Kane obviously knows the rudimentary history of the late Roman Republic and its key players and his characters have some depth. I like the way he interjects the occasional Latin term into the narrative in a context that clearly reveals its meaning without delivering a specific definition. This is the natural way that people learn another language and his use of the technique is appreciated.

However, some background details of Roman culture and some of the scenarios developed in his narrative were grating to me because of my previous studies. As an admirer of Julius Caesar and someone who has read a number of biographies about him, I could not swallow the premise that Caesar would demean himself in public by raping a passing slave girl. First of all, Caesar was abstemious in his dining and drinking habits and meticulous about his personal hygiene so was not the type to participate in public drunken revelries – even as a young man. Second, Caesar prided himself on being a sought after lover. His sexual appetites were well satisfied by his numerous paramours with other men’s wives, whether his own wife was ill or not.
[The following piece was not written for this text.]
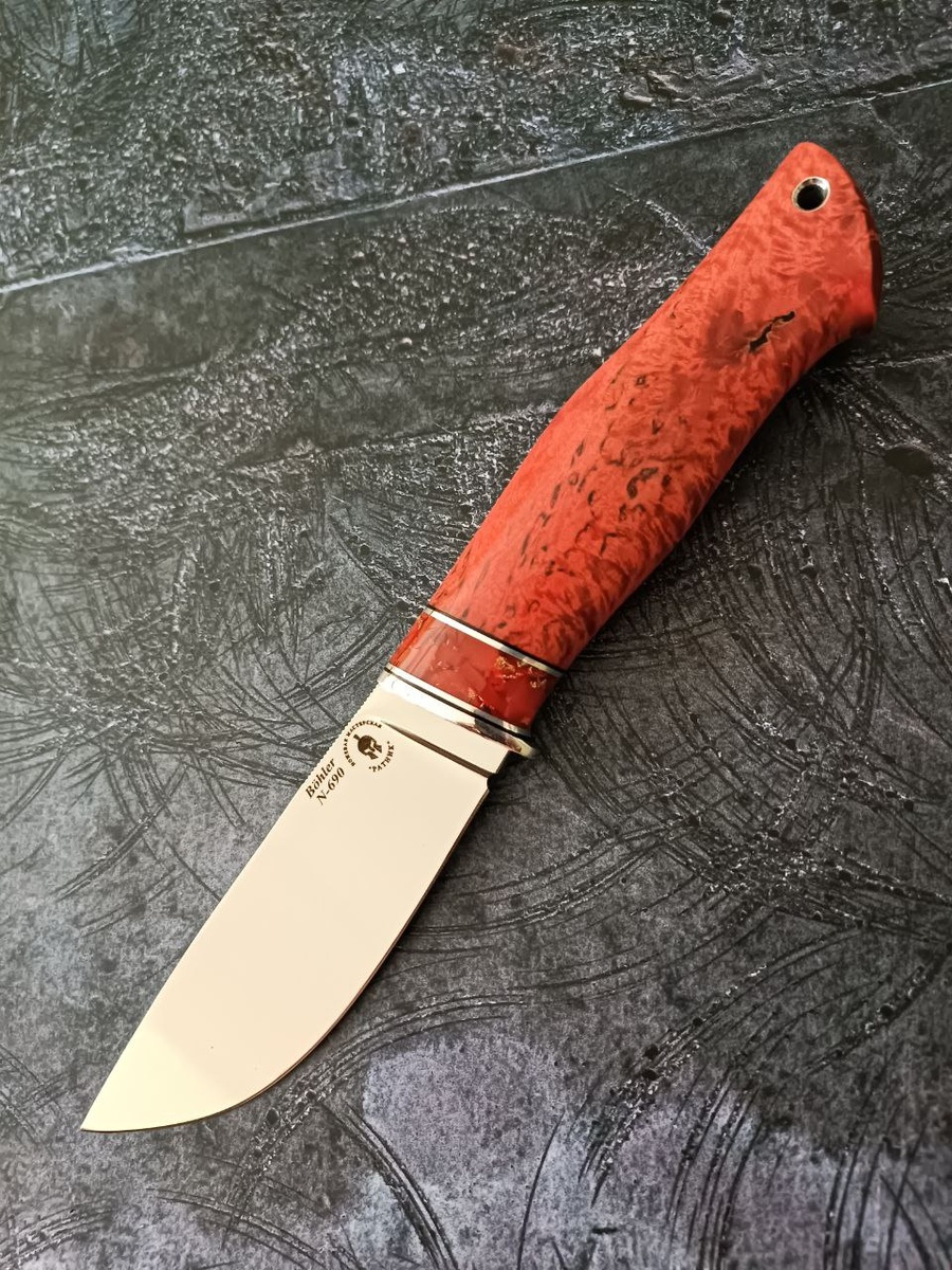 Распродажа ножа в наличии 1 шт.🔪🔥 ❗7. 500₽❗🔪N690 Bohler (62-63 HRC) — нож сбалансирован и эргономичен, идеален в разделке для профессионалов и любителей👌 ✅Сталь N690 Böhler долго удерживает остроту клинка и при этом является нержавеющей. ✅Клинок: 115*34*4 мм — мощный и агрессивный, идеальный в разделке и шкурении! ✅Рукоять: из стабилизированной карельской березы и киринита (композита)— не скользит, обеспечивая уверенный хват, устойчива к влаге и грязи. Этот универсальный нож послужит прекрасным подарком 🎁всем, кто ценят красоту, качество и безупречную функциональность. ❗В комплекте: - кожаные ножны, с подвесом - сертификат (протокол) 🤝По всем вопросам к Светлане Тел. +79534150422, Тelegram или WhatsApp

Then Romulus narrowly escapes being run over by an ox cart in the streets of Rome in the middle of the day. I had previously read that wagons and carts were forbidden by law to enter Rome until after dark. I mentioned this to my friend Pat Hunter, author of “Immortal Caesar,” and she told me that she thought the legislation was passed after Caesar returned from Gaul so this criticism may be unjustified.

Later, Romulus defeats an experienced and successful gladiator in a “duel” at the gladiator school. It is hard for me to believe that a 14-year-old boy with occasional training with a sword could defeat a veteran gladiator in single combat on his first outing. Gladiators were burly, barley-fed brutes (how’s that for alliteration!) whose body mass alone would have nearly guaranteed victory in such an encounter. Perhaps Kane was trying to appeal to a younger demographic with that one.

Then, I seriously doubt that a Roman noble, irregardless of how besotted he was with a beautiful prostitute, would have taken her to a formal Roman dinner party. I realize Rome had become Hellenized to some extent since the second Punic War but prostitutes from a brothel were not treated as Greek heitera in Roman social circles. He also would not have taken her to Roman gladiatorial contests or at least not sat with her and discussed combat tactics. Women were relegated to the uppermost seats, totally segregated from the men at Roman games, or at least they were less than a century later when the Flavian amphitheater (Colosseum) was built.

Kane also explained that only the most blood-thirsty Romans stayed for the gladiator bouts late in the afternoon, after watching the beast hunts and executions. This was laughable, as the gladiator contests were viewed as the climax of the entire experience. If anyone left, it was to grab a bite to eat at lunch during the criminal executions.

But, despite these perceived historical missteps, Kane spun a good yarn. I would agree with Rollins that the story was engaging, although “visceral”, no, not after reading one of Bernard Cornwell’s battle sequences in which his protagonist slashes wildly with a battle ax, wiping the spray of blood from a severed artery out of his eyes and flicking a fragment of bone and brain from his cheek – I was listening to Bernard Cornwell’s “Agincourt” during my morning workout at the same time I was reading the hard copy of “The Forgotten Legion” in the evening. Now that is my idea of visceral!